Royal Palm Beach, FL 33411

October 15, 2024

Reader,

Diabetes used to be straightforward.

First, there was the childhood version that meant you needed to inject insulin. Then there was the insulin-resistant adult-onset version.

Today, there are at least 6 different diabetes subsets. That's staggering.

They include:

  1. Type 1. This is an autoimmune disease that occurs when the pancreas stops producing insulin.

  2. Type 2. Adult-onset diabetes occurs when the body can't use insulin properly,

  3. Type 3c. This kind is typically caused by chronic inflammation of the pancreas.
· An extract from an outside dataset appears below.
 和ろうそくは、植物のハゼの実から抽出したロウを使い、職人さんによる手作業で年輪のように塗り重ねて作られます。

  4. Type 4 diabetes. This type affects thin, elderly individuals with abnormally high levels of immune system T regulatory cells in their fat.
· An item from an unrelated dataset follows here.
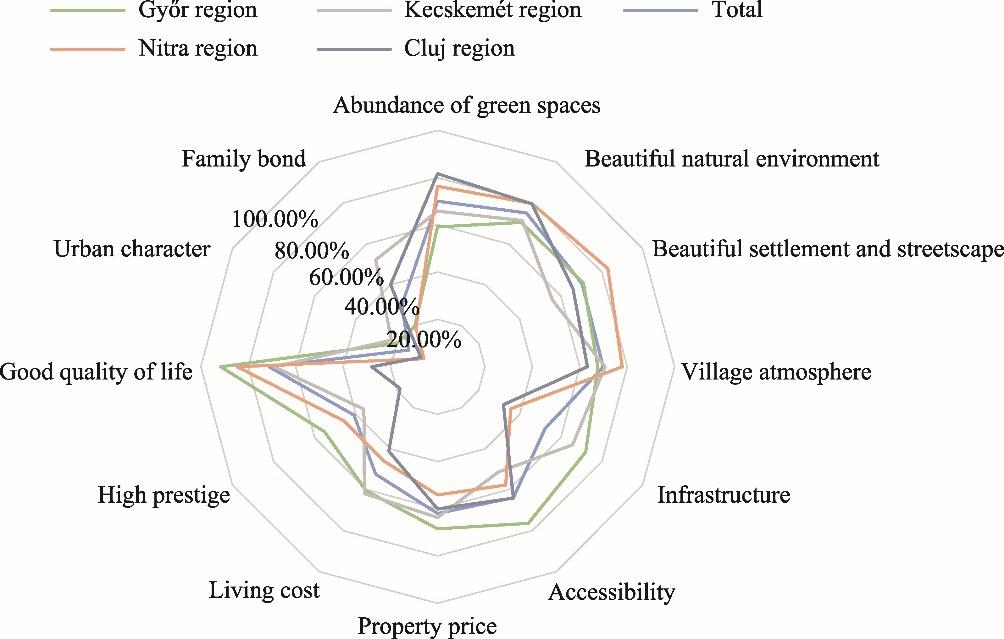 Fig. 5. Percentage of factors driving for moving to a settlement in the four city regions. |

  5. Gestational diabetes. The number of cases of diabetes in pregnant women has almost doubled over the last 30 years.

  6. Latent autoimmune diabetes in adults (LADA). This form is a cross between types 1 and 2. Compelling research reveals that all types of diabetes are the same disease.
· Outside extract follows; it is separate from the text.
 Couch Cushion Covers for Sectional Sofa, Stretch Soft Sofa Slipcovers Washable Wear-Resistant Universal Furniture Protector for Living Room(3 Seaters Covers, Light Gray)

The same underlying problem drives all 6 types.

The real root is the overproduction of insulin, triggered by an unnatural diet.

You see, the biggest culprit behind this devastating global epidemic is the massive increase in our consumption of one particular Big Agra crop...

I'm talking about modern wheat.

Although diabetes has been around for a long time — the Egyptian physician Hesy-Ra mentioned it in 1552 BC — it was mostly confined to the privileged in society.

For the common folk who farmed or hunted for their food, diabetes was extremely rare. You don't get diabetes from eating too much wild boar, rabbit, or venison.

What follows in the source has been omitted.